There seems to be an excessive number of 'hide' events on the firstedit tour. It's possible there's somehow double-counting.
Version: master
Severity: normal
• Mattflaschen-WMF | |
Oct 10 2013, 12:28 AM |
There seems to be an excessive number of 'hide' events on the firstedit tour. It's possible there's somehow double-counting.
Version: master
Severity: normal
swalling wrote:
This comes from examining the counts of event actions on the last tour step, for tour "firstedit". Like so:
SELECT COUNT(*),event_action FROM GuidedTour_5222838 WHERE event_tourname = "firstedit" AND wiki = "enwiki" AND timestamp >= 20131009000000 AND event_step = 4 GROUP BY event_action;
This produces the following results:
175 button-click
285 complete
442 hide
286 impression
Some other steps in the tour also produce this discrepancy, for example the step 2 results:
173 button-click
345 hide
242 impression
We do have some users who have more hide events recorded than impressions.
(Note that user IDs have been censored for privacy.)
SELECT event_userId,
MIN(timestamp) AS first_event,
SUM(event_action = "hide") as hides,
SUM(event_action = "impression") as impressions
FROM GuidedTour_5222838
WHERE timestamp > "20131009"
AND wiki = "enwiki"
GROUP BY event_userId
HAVING SUM(event_action = "hide") > SUM(event_action = "impression") LIMIT 10;
+--------------+----------------+-------+-------------+
event_userId | first_event | hides | impressions |
+--------------+----------------+-------+-------------+
<snip> | 20131013014124 | 6 | 5 |
<snip> | 20131009001851 | 1 | 0 |
<snip> | 20131011033720 | 4 | 2 |
<snip> | 20131011163054 | 3 | 2 |
<snip> | 20131012163322 | 2 | 1 |
<snip> | 20131013060206 | 4 | 3 |
<snip> | 20131013151144 | 2 | 1 |
<snip> | 20131015082941 | 1 | 0 |
<snip> | 20131015120432 | 5 | 3 |
<snip> | 20131023143148 | 2 | 1 |
+--------------+----------------+-------+-------------+
10 rows in set (2.87 sec)
I picked out a user with his first event was well after the "20131009"
cutoff.
SELECT timestamp, event_action, event_tourName
FROM GuidedTour_5222838
WHERE event_userId = <snip>
AND timestamp >= "20131009";
+----------------+--------------+-----------------------------+
timestamp | event_action | event_tourName |
+----------------+--------------+-----------------------------+
20131013014124 | impression | gettingstartedtasktoolbarve | |
20131013014126 | hide | gettingstartedtasktoolbarve | |
20131013014131 | impression | gettingstartedtasktoolbarve | |
20131013014133 | hide | gettingstartedtasktoolbarve | |
20131013122419 | impression | gettingstartedtasktoolbarve | |
20131013122422 | hide | gettingstartedtasktoolbarve | <-- |
20131013122427 | hide | gettingstartedtasktoolbarve | <-- |
20131013122431 | impression | gettingstartedtasktoolbarve | |
20131013122433 | hide | gettingstartedtasktoolbarve | |
20131013122502 | impression | gettingstartedtasktoolbarve | |
20131013122507 | hide | gettingstartedtasktoolbarve | |
+----------------+--------------+-----------------------------+
11 rows in set (1.05 sec)
Note the two hide events occurring 5 seconds apart. I see this sort of pattern
when I look through other users too. We'll often have an "impression" followed
by one or more "hide"s that are separated by 5-10 seconds.
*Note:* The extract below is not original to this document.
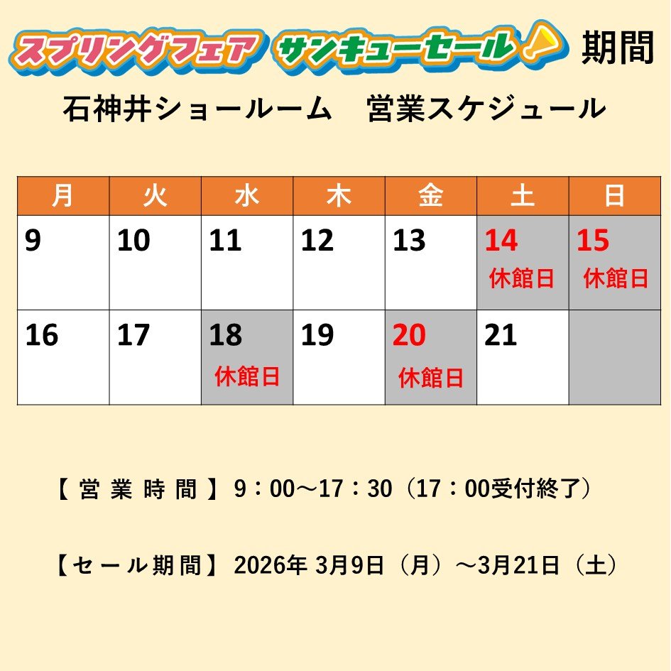 ※セール期間中でもショールームが休みの場合がございます。下記スケジュールにてお問い合わせください。

This doesn't explain the counts not matching, but I don't think https://git.wikimedia.org/blob/mediawiki%2fextensions%2fGuidedTour.git/HEAD/modules%2fext.guidedTour.lib.js#L230 should use guiders._lastCreatedGuiderID . I don't know why I didn't notice that before. I think it could lead to the wrong ID being used, especially with the preloading.
swalling wrote:
This is likely not relevant anymore, since we've switched to a new schema for this.